Thursday, November 07, 2013

Colonoscopy


Getting a colonoscopy wasn’t as bad as I had heard. It wasn’t as good as I had heard either, because I had heard both. I was told to expect to sit on the toilet all day the day before while the preparation meds did their jobs. It turned out I could have gone about my regular business (which is anything but regular) until about 5 pm when things started moving. I was looking forward to a pleasant empty feeling afterward. Years ago I was living with a friend I’ll call Matt (everyone else does), and we exercised and drank fresh vegetable juice every day. One day I heard nature's call and while sitting on the toilet I started to suspect that nature would not shut up.
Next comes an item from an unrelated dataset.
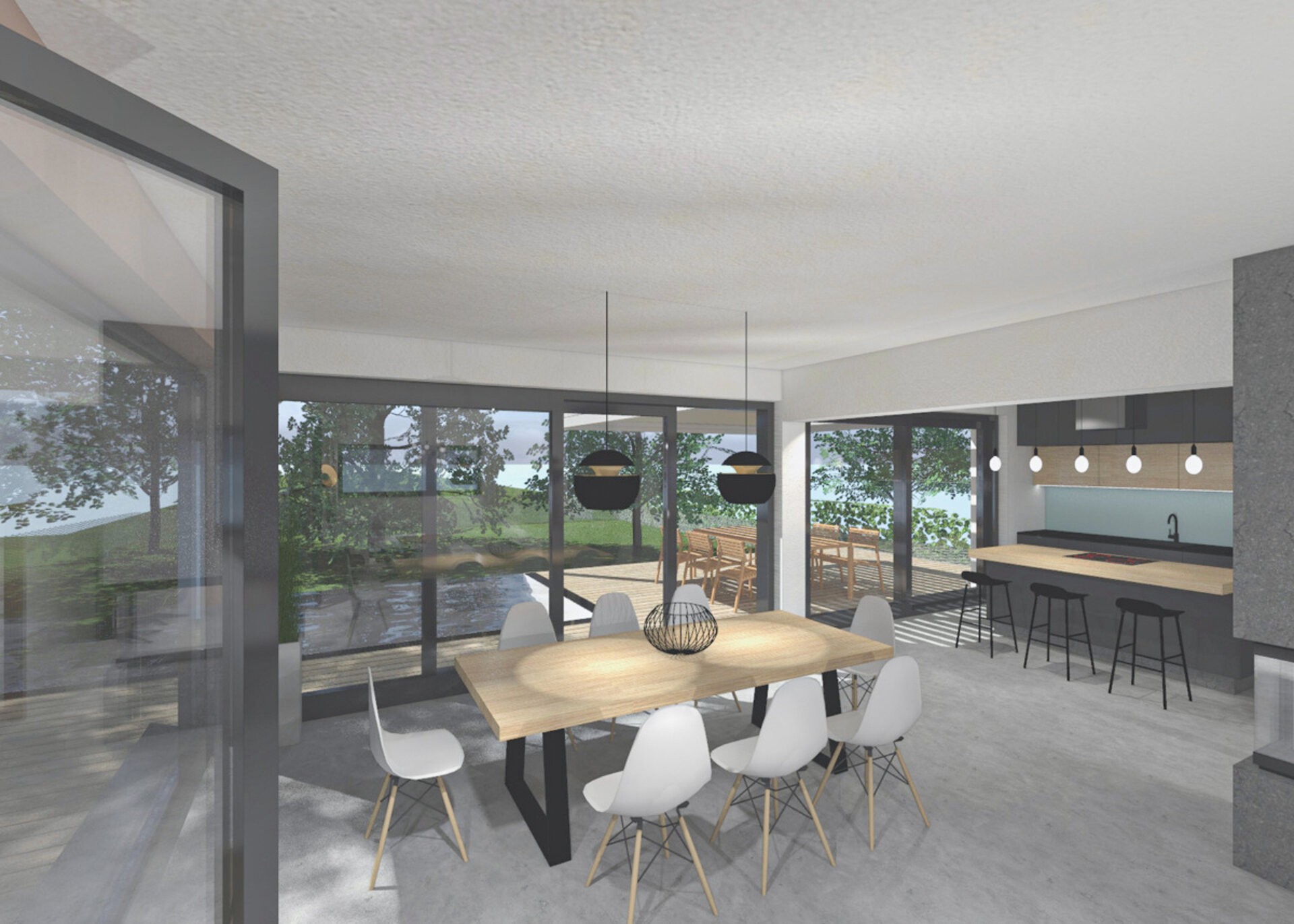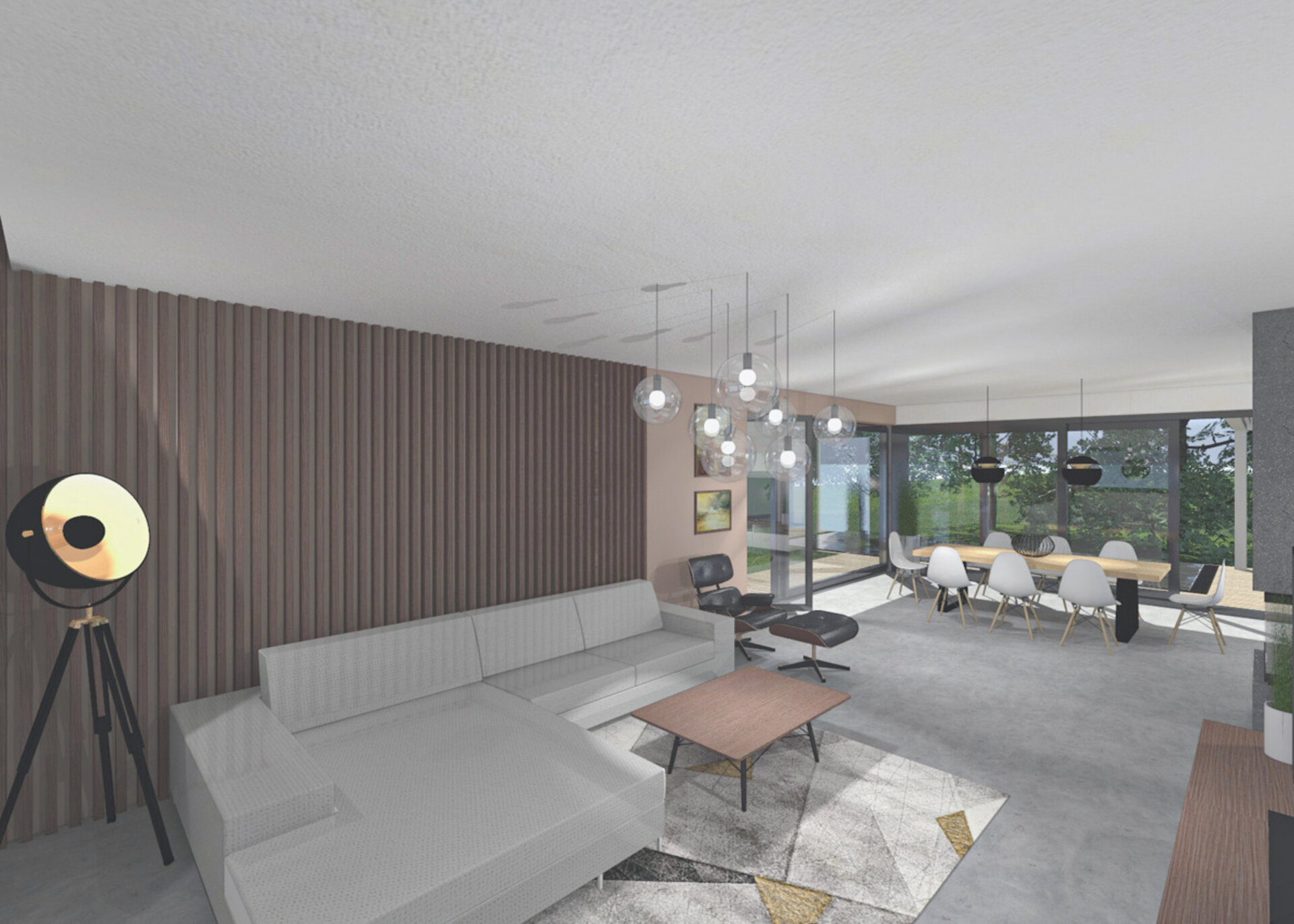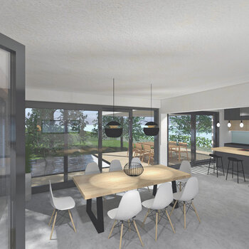 2/ Jídelní část v proskleném rohu místnosti nabízí výhled do zahrady. Stůl pro 6-8 osob má desku z drásaného dubu a černou kovovou podnož. Židle s jemně členitou podnoží jsou v bílé barvě, zatímco svítidla nad stolem opět přitahují pozornost zlatým detailem.

This was by far the largest amount of matter to leave my body in my life, and probably any body in anybody's life except for maybe a woman giving birth. To twins. The feeling when I was done was euphoric but I had to check the toilet to make sure that there where no vital organs left behind. That last sentence is true. I was truly afraid of what I might find. Happily, nothing out of the ordinary except, you know, a lot of number two. But in preparing for the colonoscopy there was no euphoria; there was no pleasant feeing of emptiness. In the morning when I showed up for the procedure I was, in fact, concerned that the doctor might not find the environment up to his ideal of spotlessness. For years that passageway has been for the illumination of stuff, some pretty foul stuff at that. It seemed reasonable to suspect that a mere twenty-four hours of not eating could clean something that has, to the best of my knowledge, never been cleaned.
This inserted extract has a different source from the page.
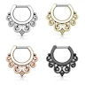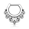 Versier je septum met zachte rondingen, die als een S-vormig model aan de onderzijde van het sieraad kronkelt. Dit weelderige model is volledig symmetrisch en heeft twee mooie, grote bogen die elkaar in het midden ontmoeten en met daarop drie kleine kogeltjes die het afsluiten.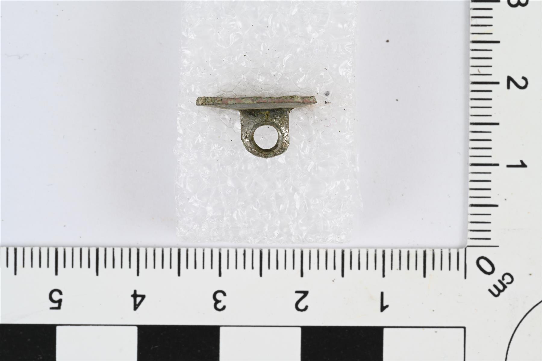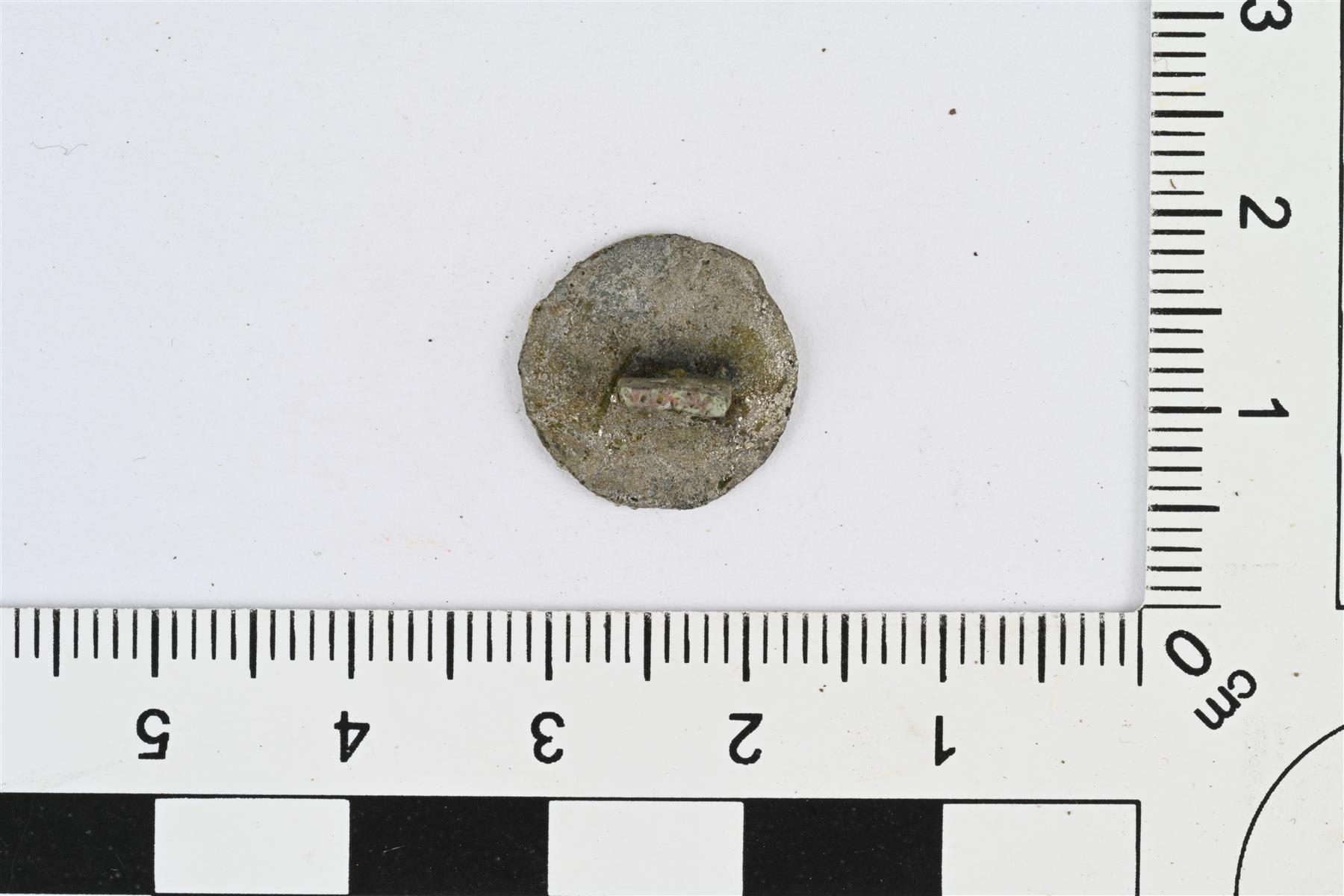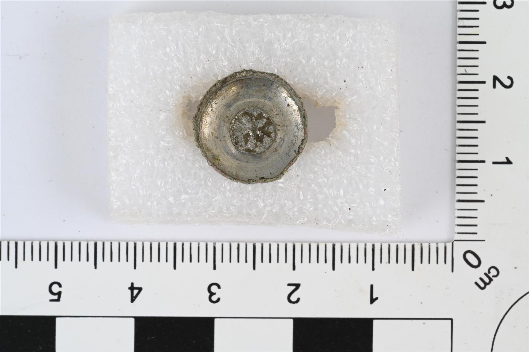 | Koristeltu nappi, ns. kansanpuvun nappi. Hopeaa tai hopeoitua kupariseosta. Levymäinen, etupuolelta hieman kovera. Etupuolella keskellä reliefikoristeluna kukkakuvio. Taustapuolella kanta. Reuna murtunut. | |

Soon I was getting my blood-pressure checked and an IV put in. First a nurse put in the IV but waited until the doctor told me the risks before letting the drugs flow. The main risk was making a hole in the wall of my large intestine. “That would require surgery. Ready?” Then, in what seemed like seconds, I remember opening my eyes and seeing what looked like a throat on a TV screen. A squeaky clean throat too, by the way. I closed my eyes again and when I opened them, Jenny was coming into the recovery room where I had somehow been transferred. Then the doc entered to tell me the results. It all seemed to happen in quick succession. 

The drugs are what people have told me were the good part. To me they were good in that they made me sleep and not feel anything as a snake like camera entered my body through the back door. But, and maybe this is my own fault for not having a sorted drug life in my past, I did not feel anything special. Not even drowsiness. It was, drug, sleep, awake. Ok. I guess I was sleepy because I did go home and sleep for much of the day. 

3 comments:

Anonymous said...

Hi Jon,
This made me laugh so many times, and yet it packs that underlying punch of what is (or could be) a serious situation, which of course makes it that much funnier. In the right light, polyps and cancerous tumors are quite funny too. But I'm glad they found no such things in your damp, dark innards. My guess is that the coffee you drink has helped.

~Chuck

SA said...

I didn't know you had this done. I am assuming everything is fine??

Karol Heinecken Mora said...

Thanks for the post about this, even if a while ago. I have to have my first in a few weeks and I am nervous. Don't like the drugs. Not really keen on any of it.

Also the Starry Night images are beautiful. And the animals! Love it.